Friday 4 January 2013

Bubs the Bumblebee children's nature books by Joyce Graham Fogwill

Website: www.BubstheBumblebee.com

Interesting facts:
The Mutiny on The Bounty and the Breadfruit

Breadfruit (Artocarpus altilis) is is a tree and a fruit native to the Malay Penninsula and the Western Pacific Islands.
In the 18th Century, some plantation owners in the British West Indies petitioned King George III to import breadfruit trees from the Pacific Islands to provide food for the slaves living on the plantations. The HMS Bounty sailed from England in December 1787 with Captain William Bligh and a crew of 45 men bound for Tahiti, to collect breadfruit plants, and transport them to Jamaica.
They collected the Breadfruit plants, and set sail to the West Indies.
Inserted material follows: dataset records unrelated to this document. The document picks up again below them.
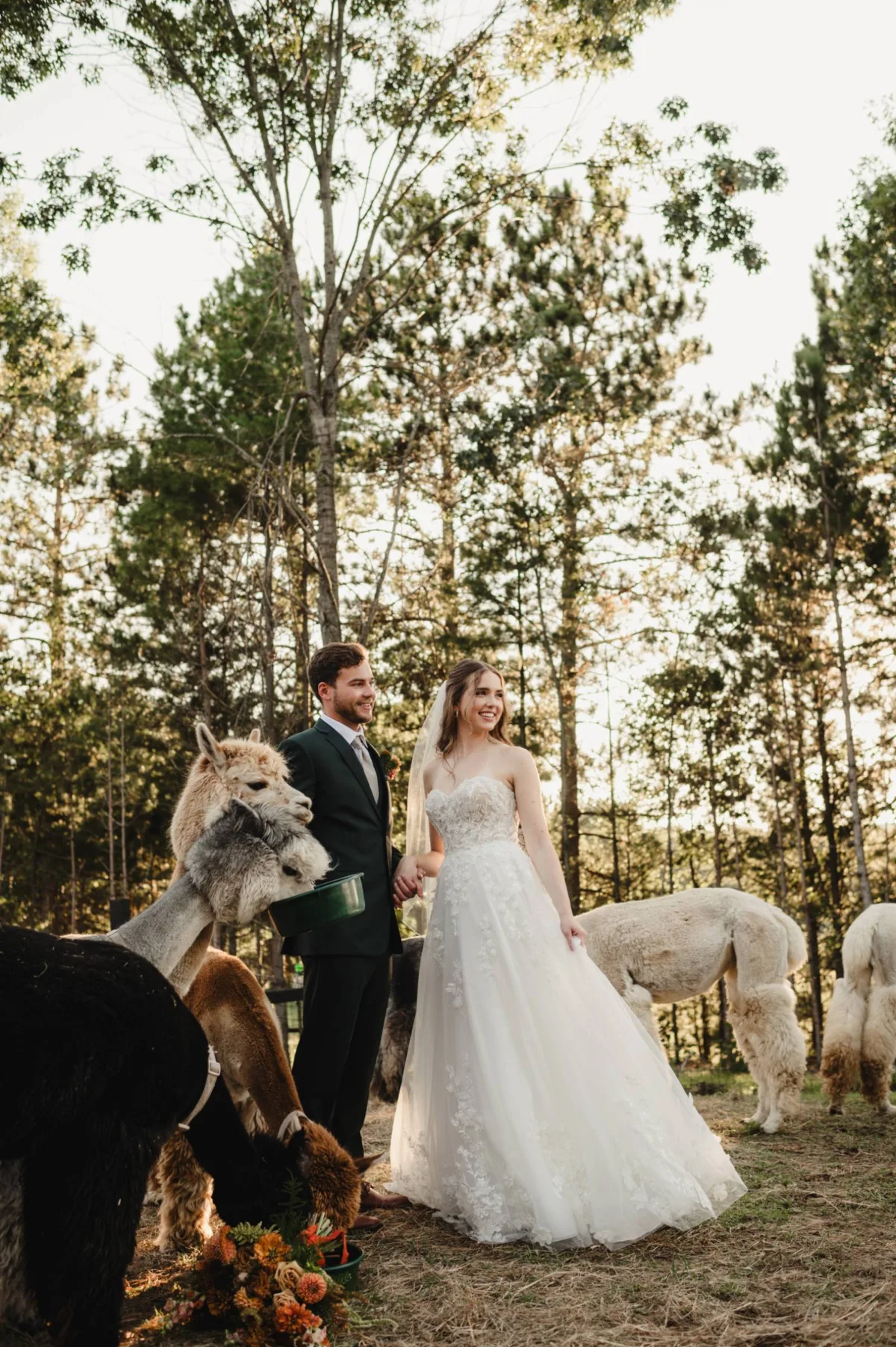 Casacampo Alpaca Ranch is an inclusive venue in Columbia County, Wisconsin, offering lodging for up to 30 guests, space for private events, and–of course–a gorgeous setting for weddings. The ranch property is scenic and serene, with space for indoor and outdoor celebrations, and plenty of portrait opportunities.
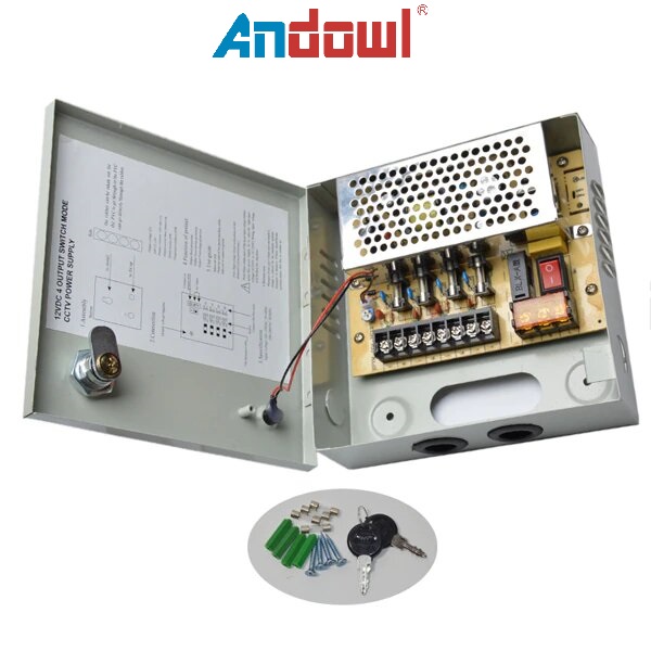 Power Supply Box with 4 Port Channels, Fuses, 10A and AC 110-220V to DC 12V.
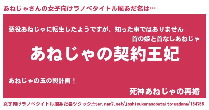 | 意味不明あだ名 | 『永久保存あねじゃ』『自称あねじゃ』 |
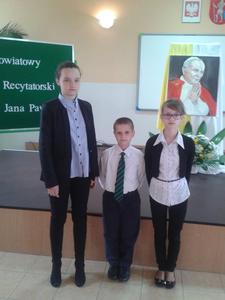 Dnia 29 kwietnia 2015 r. w Kuleszach Kościelnych odbył się Powiatowy Konkurs Recytatorski Poezji Jana Pawła II. Naszą szkołę reprezentowali uczniowie: Jan Łapiński (kl. III), Maria Łukasiewicz (kl. VI) i Wiktoria Zaleska (kl. IIIB gimnazjum). W konkursie wzięło udział ponad 30 recytatorów. III miejsce w kategorii klas IV-VI zdobyła Maria Łukasiewicz.
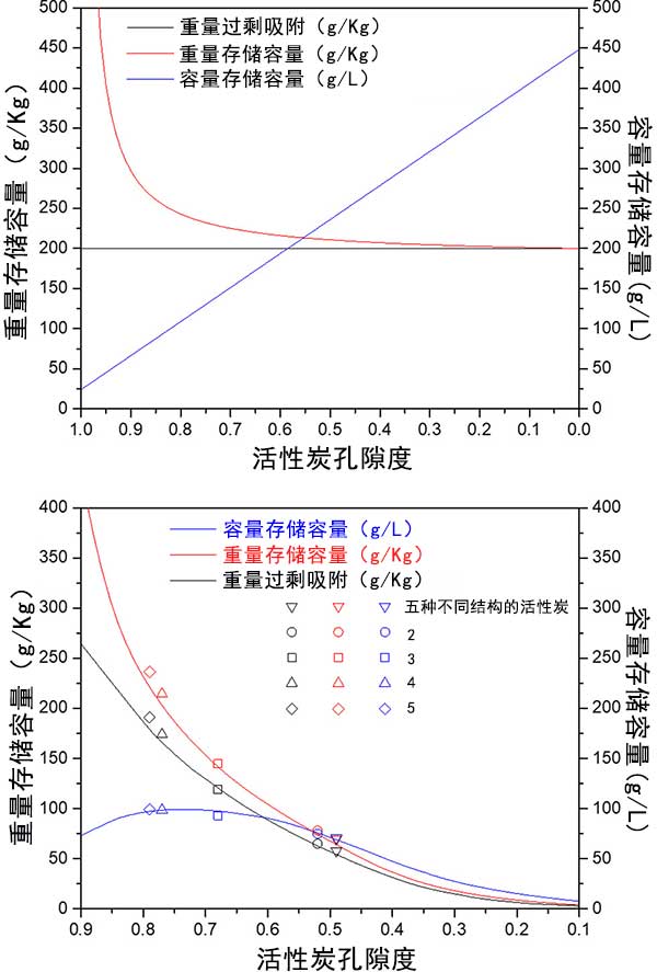圖4顯示了兩種活性炭的重量和體積存儲容量之間的相互依賴性。實(shí)驗(yàn)吸附測量與第二模型一致,將孔隙率和表面積作為因變量處理。經(jīng)過對比活性炭樣品的實(shí)驗(yàn)性過量吸附,重量儲存容量和體積儲存容量。圖3和圖4將理論模型與實(shí)驗(yàn)數(shù)據(jù)進(jìn)行比較。它表明,所開發(fā)的模型是通用的,并預(yù)測任何活性炭樣品的重量和體積儲存容量之間的相互依賴性。結(jié)果也適用于金屬有機(jī)骨架。雖然實(shí)驗(yàn)結(jié)果比較好的活性炭不具有較高的表面積,但孔隙率在0.65和0.75之間。通過使用化學(xué)粘合劑將活性炭粉末壓縮成整料,實(shí)現(xiàn)了更高的體積儲存容量。整體的體積儲存容量使用整體式整體密度而不是活性炭的表觀密度或金屬有機(jī)框架材料的單晶密度來計(jì)算。
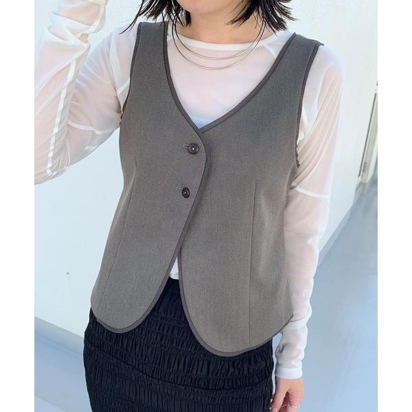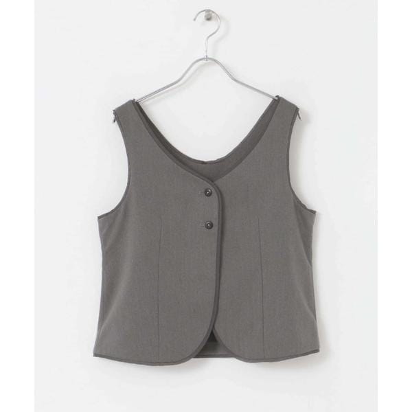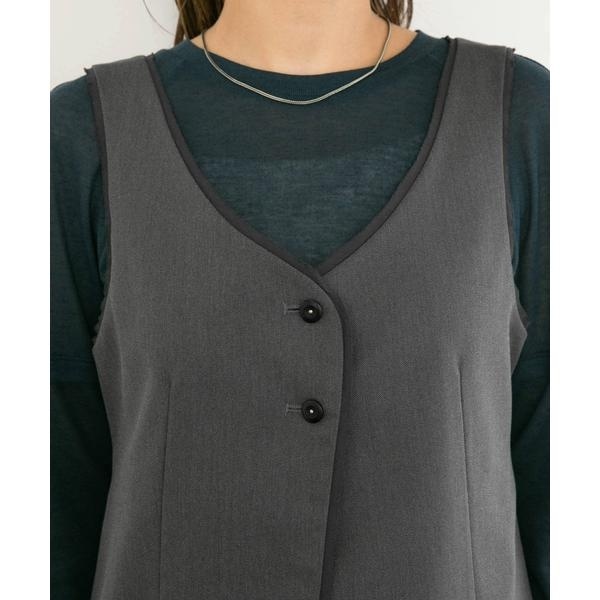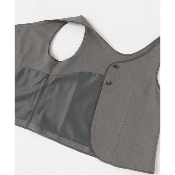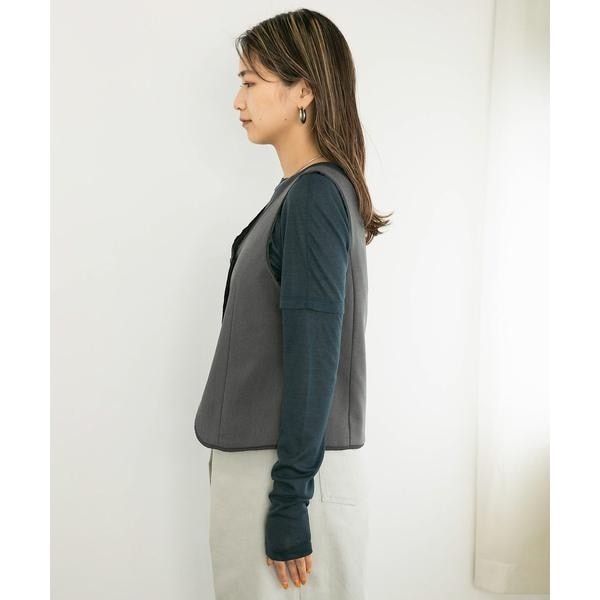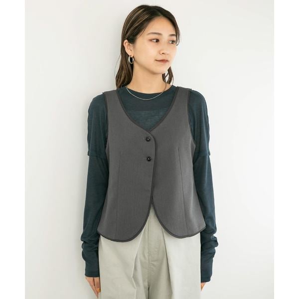 引き続きワードローブに欠かせないプラスワンアイテム”ベスト”。ネックやウエストラインをレディライクなデザインにし、釦も少しレトロ風に仕上げました。ポリエステルレーヨンを採用したことで、比較的シワになりにくい素材なのもポイント。

On April 28, 1789, the first mate, Fletcher Christian and some members of the crew mutinied and took over the ship. The Captain and 18 crewmen were set adrift in the ship’s 23-foot open boat. They survived on very little food and water, and sailed for seven weeks, over 3600 miles, to safety in Timor. The mutineers took HMS Bounty back to Tahiti, where accompanied by 6 Polynesian men and 12 women, they sailed to the isolated Pitcairn Island, a small volcanic island of app. 2 sq. miles, in the southern Pacific, east south east of Tahiti.
There, they established a small colony and settlement that still exists. The majority of Pitcairn Islanders of today are directly descended from the mutineers and their Tahitian wives. Many of these islanders still have the surnames of some of the eighteenth century mutineers, and speak a dialect that is a hybrid of Tahitian and eighteenth-century English.
Breadfruits plants were eventually transported to Jamaica and today there are numerous breadfruit trees growing all over the island.